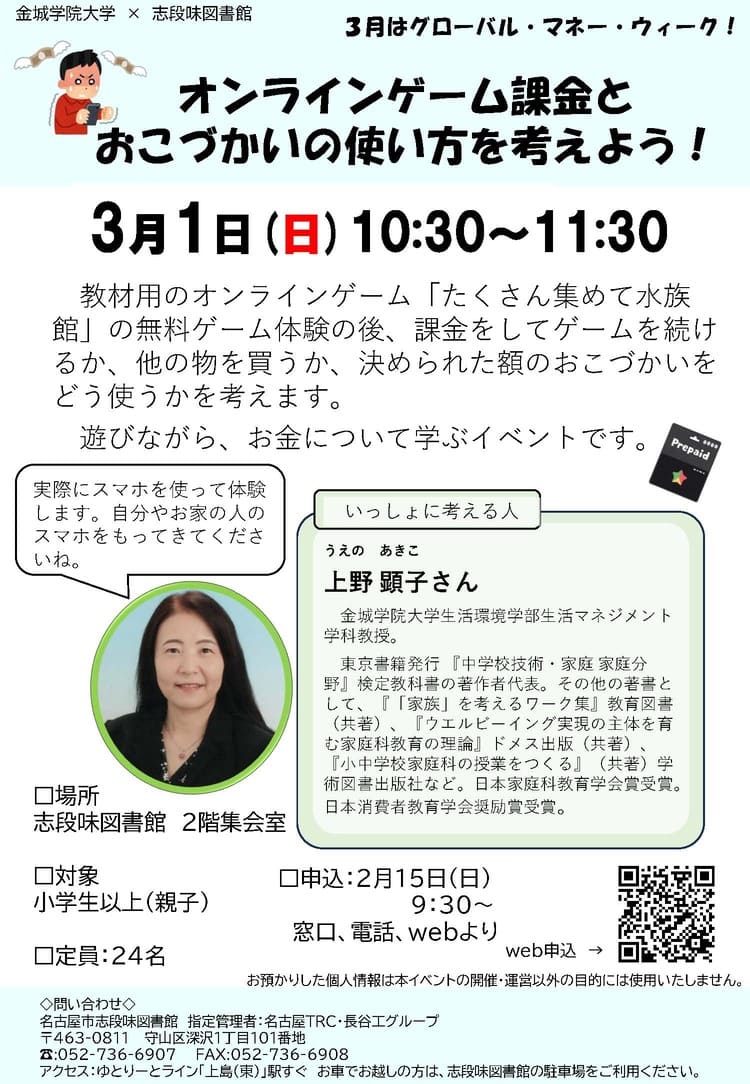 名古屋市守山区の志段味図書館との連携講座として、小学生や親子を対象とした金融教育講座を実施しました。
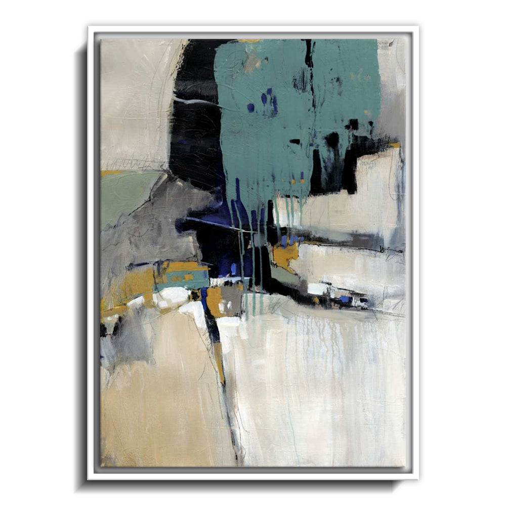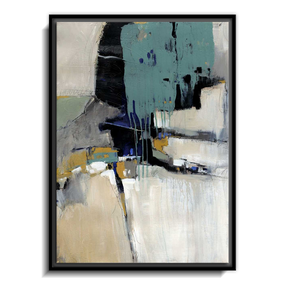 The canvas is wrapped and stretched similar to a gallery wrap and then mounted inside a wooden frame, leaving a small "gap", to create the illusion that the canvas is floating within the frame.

^^^^^^^^

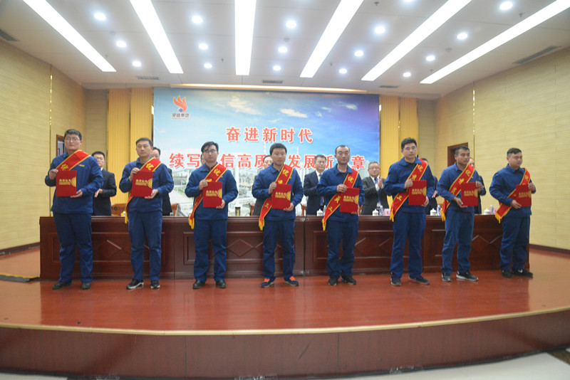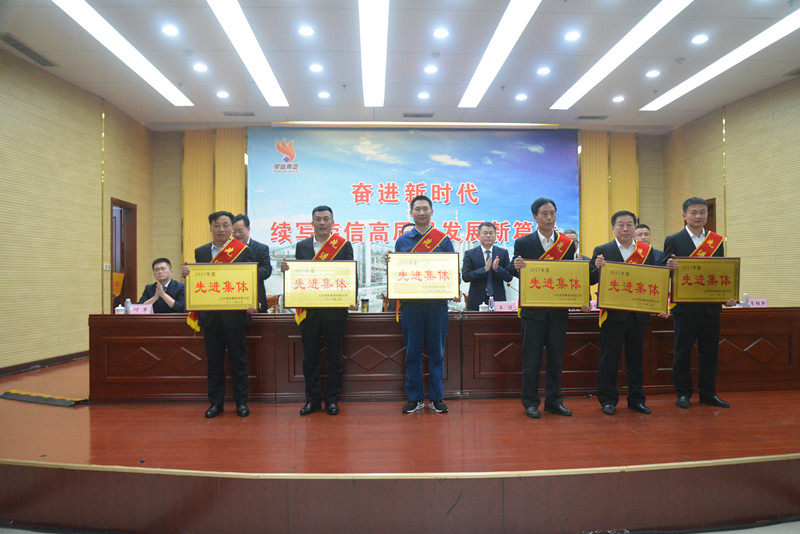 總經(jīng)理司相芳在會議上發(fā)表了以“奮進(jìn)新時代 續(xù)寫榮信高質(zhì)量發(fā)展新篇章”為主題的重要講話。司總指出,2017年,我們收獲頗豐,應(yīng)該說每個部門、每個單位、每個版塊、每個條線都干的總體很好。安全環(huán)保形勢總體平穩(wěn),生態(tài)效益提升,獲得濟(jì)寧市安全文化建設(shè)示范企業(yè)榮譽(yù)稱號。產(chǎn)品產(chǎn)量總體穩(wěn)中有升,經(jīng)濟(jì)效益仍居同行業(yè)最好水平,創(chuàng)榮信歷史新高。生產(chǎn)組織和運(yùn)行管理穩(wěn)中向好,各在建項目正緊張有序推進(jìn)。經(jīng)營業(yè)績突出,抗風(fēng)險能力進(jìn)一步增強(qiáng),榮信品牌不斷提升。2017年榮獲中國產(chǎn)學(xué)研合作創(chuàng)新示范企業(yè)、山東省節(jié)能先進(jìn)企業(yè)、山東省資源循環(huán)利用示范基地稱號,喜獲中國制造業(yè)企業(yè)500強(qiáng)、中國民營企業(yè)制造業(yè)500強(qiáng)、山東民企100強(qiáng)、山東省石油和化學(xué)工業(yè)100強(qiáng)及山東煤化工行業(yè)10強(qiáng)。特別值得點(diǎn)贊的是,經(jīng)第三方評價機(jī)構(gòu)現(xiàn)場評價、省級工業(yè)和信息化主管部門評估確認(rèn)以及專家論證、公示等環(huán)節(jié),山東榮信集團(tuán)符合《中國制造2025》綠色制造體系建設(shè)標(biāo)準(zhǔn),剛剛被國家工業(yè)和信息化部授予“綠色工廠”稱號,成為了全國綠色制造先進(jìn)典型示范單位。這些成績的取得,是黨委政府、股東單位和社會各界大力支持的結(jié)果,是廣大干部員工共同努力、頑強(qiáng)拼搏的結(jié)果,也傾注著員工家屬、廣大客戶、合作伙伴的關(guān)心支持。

^^^^^^^^

[What needs to be done]: The lines to set down run from the line with "名古屋市守山区の志段味図書館" up to and including the line with "The canvas is wrapped" in the entries above. Reproduce them exactly, with no pictures.

[Exercise response]:
 名古屋市守山区の志段味図書館との連携講座として、小学生や親子を対象とした金融教育講座を実施しました。
 The canvas is wrapped and stretched similar to a gallery wrap and then mounted inside a wooden frame, leaving a small "gap", to create the illusion that the canvas is floating within the frame.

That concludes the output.